Let's create a basic TKE instance with the necessary configuration, which includes security group, vpc, subnet, and region.
provider "tencentcloud" {
region = var.region
}
# It is recommended to use the vpc module to create vpc and subnets
resource "tencentcloud_vpc" "this" {
cidr_block = "10.0.0.0/16"
name = "tke-test"
}
# Specify the subnet of intranet
resource "tencentcloud_subnet" "intranet" {
cidr_block = "10.0.1.0/24"
name = "tke-subnet"
availability_zone = var.available_zone
vpc_id = tencentcloud_vpc.this.id
}
# It is recommended to use the security group module to create security group and rules
resource "tencentcloud_security_group" "this" {
name = "tke-security-group"
}
# Specify the ingress and egress rules for the security group
resource "tencentcloud_security_group_lite_rule" "this" {
security_group_id = tencentcloud_security_group.this.id
ingress = [
"ACCEPT#${var.accept_ip}#ALL#ALL", # your ip address
"DROP#0.0.0.0/0#ALL#ALL"
]
egress = [
"ACCEPT#0.0.0.0/0#ALL#ALL",
]
}
# using module to create TKE resource
module "tencentcloud_tke" {
source = "../../"
available_zone = var.available_zone # Available zone must belongs to the region.

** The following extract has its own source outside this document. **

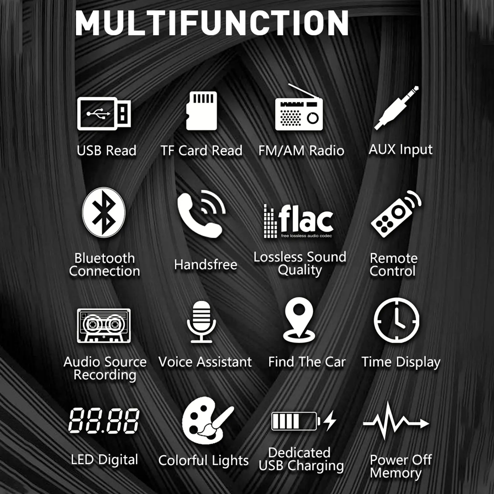 Особенности:1. Bluetooth для воспроизведения музыки Bluetooth для совершения и приема звонков и функции AUX.2. Цифровое высококачественное стерео радио FM/AM.3. Поддержка кардридера и U-диска (аудио).4. Поддержка аудио: MP3/WMA/WAV/FLAC.5. Аудиовыход RCA можно подключить к сабвуферу.6. Красочные крутые огни.7. Функция копирования звука, поддержка записи с источника звука, вы можете напрямую Копировать радио-трансляцию, музыку AUX и музыку Bluetooth на диск U.8. Поддержка Мобильный телефон местоположения приложения и функции поиска автомобиля, Голосовое управление мобильный телефон голосового помощника.Характеристики:Тип: автомобильный стерео MP3-плеерСпециальные функции: FM /AM радио, Bluetooth, громкие звонки, mp3-плеер, AUX, Двойная зарядка через USB,Модель: SWM-80AНапряжение: 12 ВОС: нетПрограммное решение: SWT6D801Чип усилителя: TDA7388Тип экрана светодиодный светодиодная цифровая трубка + Частотный экранРазмер панели (около): 188*58 мм/7,40*2,28"Светильник панели: цветной светильникРазмер коробки (около): 220*82*181 мм/8,66*3,23*7,13"Глубина хоста: 60 ммВес одной машины (около): 418 гРадиодиапазон: FM 87,5 ~ 108 МГц/A522 ~ 1620 кГцРадиочип: ZT0811Мощность: 4*60 ВтSNR (дБ): ≥ 60 дБСтепень искажения (%): ≤ 0.3%Чувствительность: менее 20 дБСтерео разделение: более 25 дБРабочая температура: -10 ~ 60 ° CМодель Bluetooth: AUTO BTВерсия Bluetooth: 4,0Слот для карты TF: ДаПульт дистанционного управления: ПоддержкаИнтерфейс и Версия USB: USB2.0Кнопка: Физическая кнопкаВведение в Терминал RCA: 4-канальный аудиовыходАудиовход AUX: ДаПоддерживаемые Аудиоформаты: MP3 / WMA / WAV / FLACУпаковочный лист:1 mp3-плеер1 шнур питания1 х кабель динамика2 x ключ для снятия1 х пульт дистанционного управления1 х РуководствоПримечания:1. Это устройство 12 В, а не источник питания 24 В.2. Возможны небольшие погрешности в размере из-за ручного измерения, различных методов и приборов измерения.3. Цвет, изображенный на фотографиях, не совпадает с реальным цветом изделия из-за разного светильник, углов и мониторов.

vpc_id = tencentcloud_vpc.this.id
intranet_subnet_id = tencentcloud_subnet.intranet.id
# public access configuration
cluster_public_access = true
cluster_security_group_id = tencentcloud_security_group.this.id
# security group for worker nodes
node_security_group_id = tencentcloud_security_group.this.id
# private access configuration
cluster_private_access = true
cluster_private_access_subnet_id = tencentcloud_subnet.intranet.id
# monitor, event audit log configuration for cluster
enhanced_monitor_service = true
enable_event_persistence = true
enable_cluster_audit_log = true
# specify the bandwidth for public access
worker_bandwidth_out = 100
tags = {
module = "tke"
}
}
# Configure Kubernetes Provider with TKE resource
provider "kubernetes" {
host = module.tke.cluster_endpoint
cluster_ca_certificate = module.tke.cluster_ca_certificate
client_key = base64decode(module.tke.client_key)
client_certificate = base64decode(module.tke.client_certificate)
}
After the warm-up process, you have obtained a managed cluster.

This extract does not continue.